**** Dataset excerpt ****

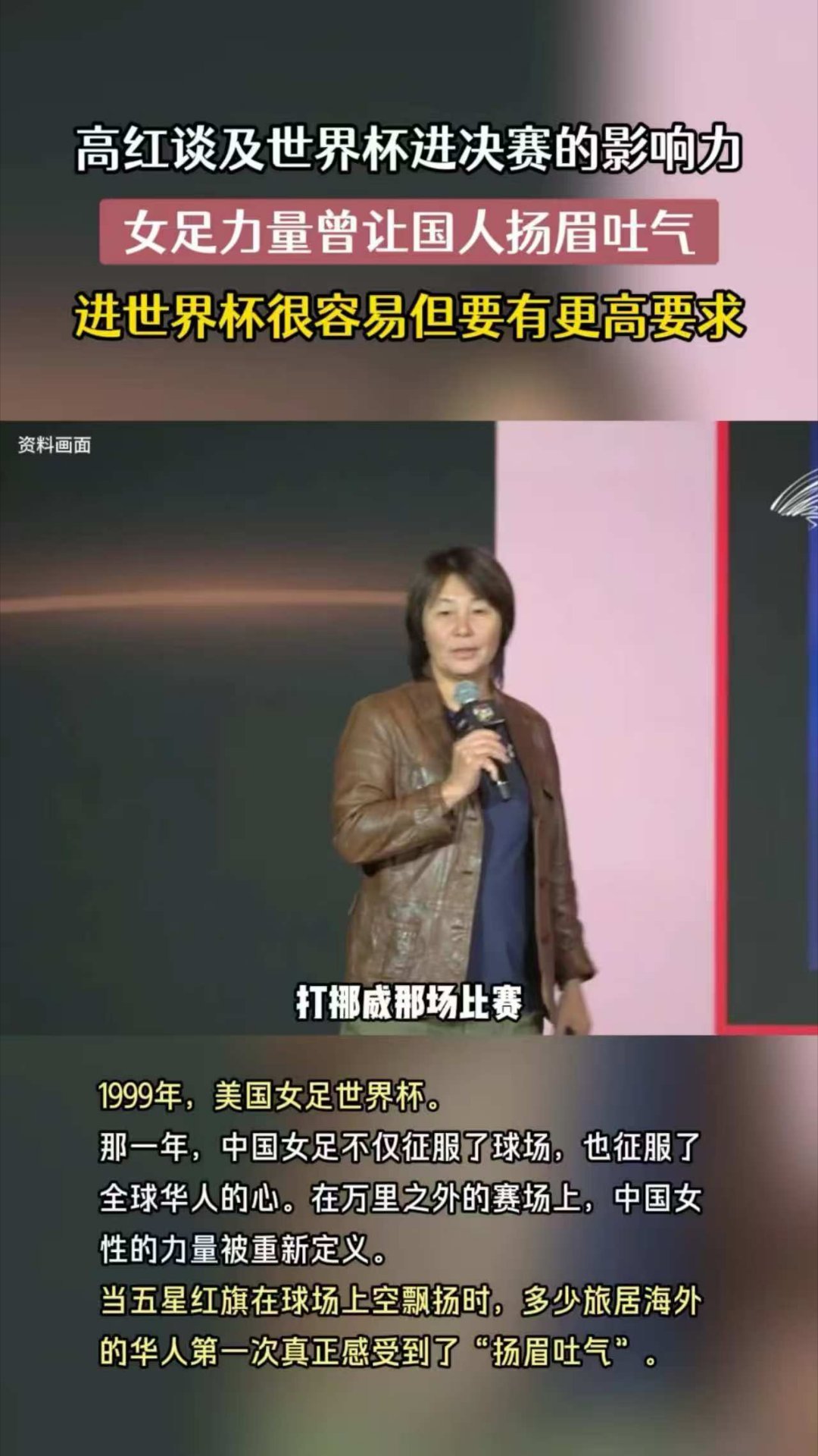 高红说女足力量曾让国人扬眉吐气前女足队长高红的话直击人心!她表示女足曾凭实力让国人扬眉吐气,也直言中国女足进军世界杯本是水到渠成。这份底气来之不易,是女足姑娘们用无数个日夜的坚持与拼搏,一点点攒下的属于中国女足的荣光。前女足队长称中国女足进世界杯很容易
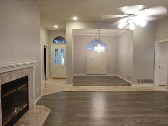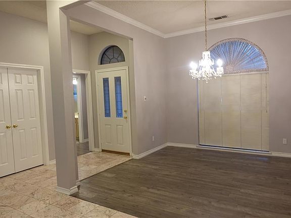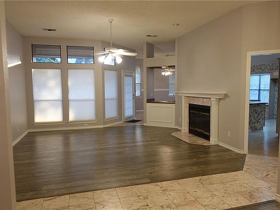 Light and Bright, interior neutral gray, spacious living and kitchen, hard surface flooring in both living rooms, formal dining or study and eat in kitchen. Carpet in the 3 split bedrooms only. Split master with huge bath features 12x7 closet, ample counter space with makeup vanity for her, jet tub & shower. Private treed park like yard with low maintenance garden beds, 12x13 wood deck, rose garden viewed from window seat in breakfast room, storage shed. Exemplary GCISD schools. Landlord will consider removing kitchen wallpaper. Home will be vacant May 11. $2100 rent for 2 yr lease
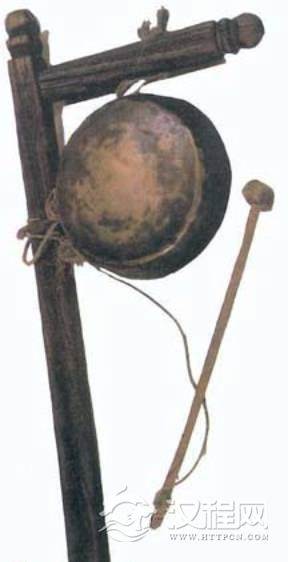 铛铛,又名铛子。由小锣和木架组成。小锣平坦无脐,锣面直径15厘米、木架长47厘米,在长立柱上置一横木,旋制而成。小锣用绳悬系于木架上。演奏时,左手执木架立柱下端,右手执小棰敲击,有的棰头用玉石制作。发音清脆。用于河北地区的吹歌会和佛教音乐中。
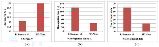 Graphical representation of a comparison of performance metrics: (a) accuracy; (b) recognition time; (c) size of the input data of R. Sarno et al. [] and the SE-Nose methodology.

****

#### [Problem statement]
Exactly reproduce the lines that run from the first line of the listing above to the line containing "Light and Bright, interior", including both; omit the pictures.

#### [Response to the exercise]
 高红说女足力量曾让国人扬眉吐气前女足队长高红的话直击人心!她表示女足曾凭实力让国人扬眉吐气,也直言中国女足进军世界杯本是水到渠成。这份底气来之不易,是女足姑娘们用无数个日夜的坚持与拼搏,一点点攒下的属于中国女足的荣光。前女足队长称中国女足进世界杯很容易
 Light and Bright, interior neutral gray, spacious living and kitchen, hard surface flooring in both living rooms, formal dining or study and eat in kitchen. Carpet in the 3 split bedrooms only. Split master with huge bath features 12x7 closet, ample counter space with makeup vanity for her, jet tub & shower. Private treed park like yard with low maintenance garden beds, 12x13 wood deck, rose garden viewed from window seat in breakfast room, storage shed. Exemplary GCISD schools. Landlord will consider removing kitchen wallpaper. Home will be vacant May 11. $2100 rent for 2 yr lease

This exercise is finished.